1999 – Research published in the Lancet from the Royal Free Hospital, where Wakefield did his research, finds no evidence for MMR and autism link.

2000 – Andrew Wakefield and John O’Leary present evidence to US congress suggesting link between MMR and autism.

2000 – Another large scale study suggests benefits of MMR vastly outweigh risks.

2001 BMJ study using GP Research Database suggests no link between MMR and autism.

2001 – Andrew Wakefield resigns from the Royal Free and University College Medical School

2002 – John O’Leary and colleagues suggest measles are present in guts of patients with austim in a paper in the Journal of Clinical Pathology: Molecular pathology. Scientists question methods and later a US legal case says methods unreliable.

2002-2004 – A large number of scientific studies find no link between MMR and autism including research published in British Medical Journal, New England Journal of Medicine, Pediatrics and Lancet

2004 – 10 co-authors on the 1998 Wakefield Lancet paper issue a retraction and editor of the Lancet says, with hindsight, they shouldn’t have published the paper.

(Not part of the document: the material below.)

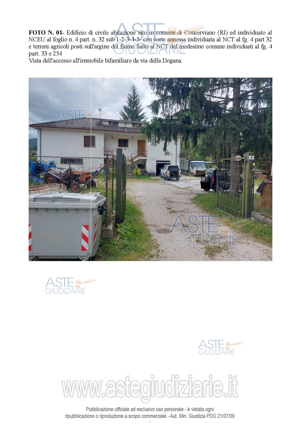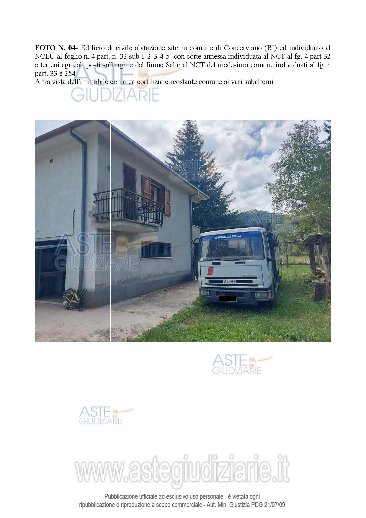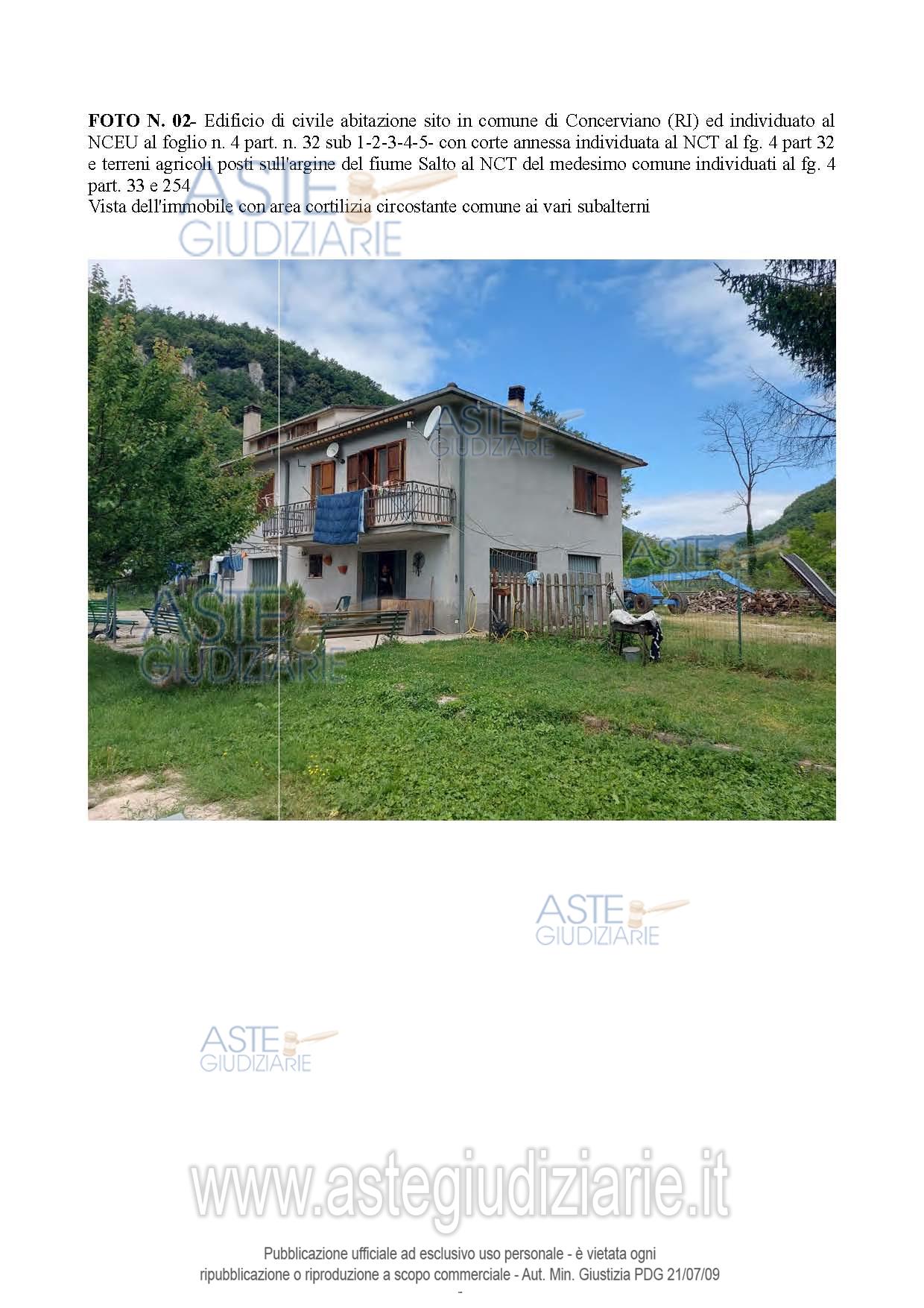 Vendita all'asta Senza incanto, con gara telematica asincrona - LOTTO 2: Piena proprietà per la quota di 100/100 di appartamento in bifamiliare distribuito tra PT-1-2, altro locale di PT destinato a magazzino e locale caldaia; due camere, cameretta e bagno al p1 con ingresso, terrazzo e disimpegno, locale al piano sottotetto; con diritti pari ad 1/2 sul terreno circostante l'immobile sulla strada di accesso all'edificio comune ad altri subalterni. Piena proprietà pari all'intero di appezzamento di terreno agricolo, incolto produttivo, classe U, posto sull'argine del fiume salto. Prezzo base € 54.736,71 (offerta minima € 41.052,54). Data inizio operazioni di vendita: 13/04/2026 ore 11:40. Giudice Dott. Roberto Colonnello. Professionista delegato alla vendita Avv. Alessia Croce - Email "avvocatoalessiacroce@gmail.com"; Cell. 3490556370. Custode Giudiziario Avv. Alessia Croce - Email "avvocatoalessiacroce@gmail.com"; Cell. 3490556370. Rif. Tribunale di Rieti - Espropriazione immobiliare (cartabia) n. 142/2023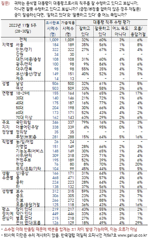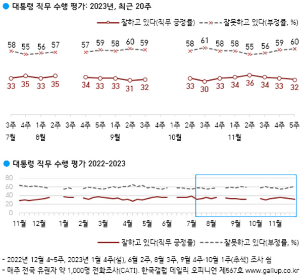 1일 여론조사 전문기관 한국갤럽은 “2023년 11월 다섯째 주(28~30일) 전국 만 18세 이상 유권자 1,009명에게 윤석열 대통령이 현재 대통령으로서의 직무를 잘 수행하고 있다고 보는지 잘못 수행하고 있다고 보는지 물은 결과, 32%가 긍정 평가했고 60%는 부정 평가했으며 그 외는 의견을 유보했다(어느 쪽도 아님 3%, 모름/응답거절 6%)”고 밝혔다.

2004-2005 – Uptake of MMR vaccine falls to 81%.

2005 – Large scale Japanese study shows MMR not linked to autism; Japan withdrew MMR and cases of autism continue to increase.

2005-2006 – Uptake of MMR vaccine at 84%.

2006 April – 13 year old boy becomes the first person in the UK to die from measles in 14 years.

2006 June – It is announced that Andrew Wakefield is to face the General Medical Council over charges of professional misconduct.

2007 – Uptake of MMR vaccine increased to 85%. Department of Health would like the vaccine uptake to rise to 95% – a level that would give herd immunity.